At stage D, the log monitor 141 selects the log for the IP address 192.168.1.1 for offloading to the storage device 145. The log monitor 141 iterates through its assigned logs and periodically offloads each log to a corresponding log file on the storage device 145 to prevent an excess amount of log data from accumulating in the memory 135. For example, the log monitor 141 may offload the log for 192.168.1.2 and then ten seconds later begin offloading the log for 192.168.1.1. In an alternative example, the log monitor 141 may alternate offloading log entries for 192.168.1.1 and 192.168.1.2 with no time in between. In some implementations, the log monitor 141 monitors sizes of its assigned logs and offloads a log when the log size satisfies a threshold. For example, each log may have a limit of 2 megabytes, so the log monitor 141 offloads a log when the log is close to or at the 2 megabyte limit. The amount of memory allocated for a log can be configured or can be dynamic based on an amount of available memory or a total number of logs. The log monitor 141 offloads the entries in the log 192.168.1.1 by reading the entries 30-50 from the memory 135 and then clearing or freeing up the space occupied by the logs in the memory 135. The log monitor 141 may also adjust metadata or header information for the log. For example, the log monitor 141 may update header information that indicates a number of entries in the log to 0. In some implementations, the log monitor 141 may not offload all available entries. For example, the log monitor 141 may be configure to offload 20 entries at a time and to not offload any entries from a log unless there are at least 20 entries available to be offloaded.

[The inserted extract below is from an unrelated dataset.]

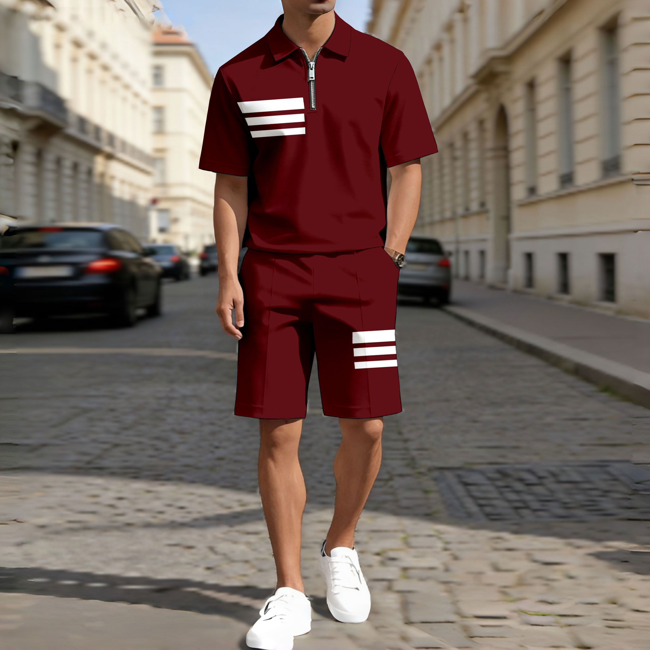 Men's Casual Maroon & White Color Matching Striped Printed Zipper Short Sleeved Polo Shirt & Five-Point Pants Two-Piece Set

At stage E, the log monitor 141 compresses and appends the offloaded log entries for the IP address 192.168.1.1 to a log file on the storage device 145. The log monitor 141 invokes the compression tool 144 to compress the offloaded entries. The compression tool 144 can use a variety of compression techniques such as gzip, Roshal Archive (RAR), zip, etc. After the log entries are compressed, the log monitor 141 identifies and accesses the log file for 192.168.1.1. In instances where a log file is not already created, the log monitor 141 creates a log file for the IP address. The log monitor 141 then appends the compressed log entries to the existing data in the log file. Each log file comprises chunks of compressed data which include the offloaded log entries. The log monitor 141 may also modify header or metadata information for the log file to indicate a number of compressed chunks, indicate a number of entries in the compressed data, update a total number of log entries in the log file, etc.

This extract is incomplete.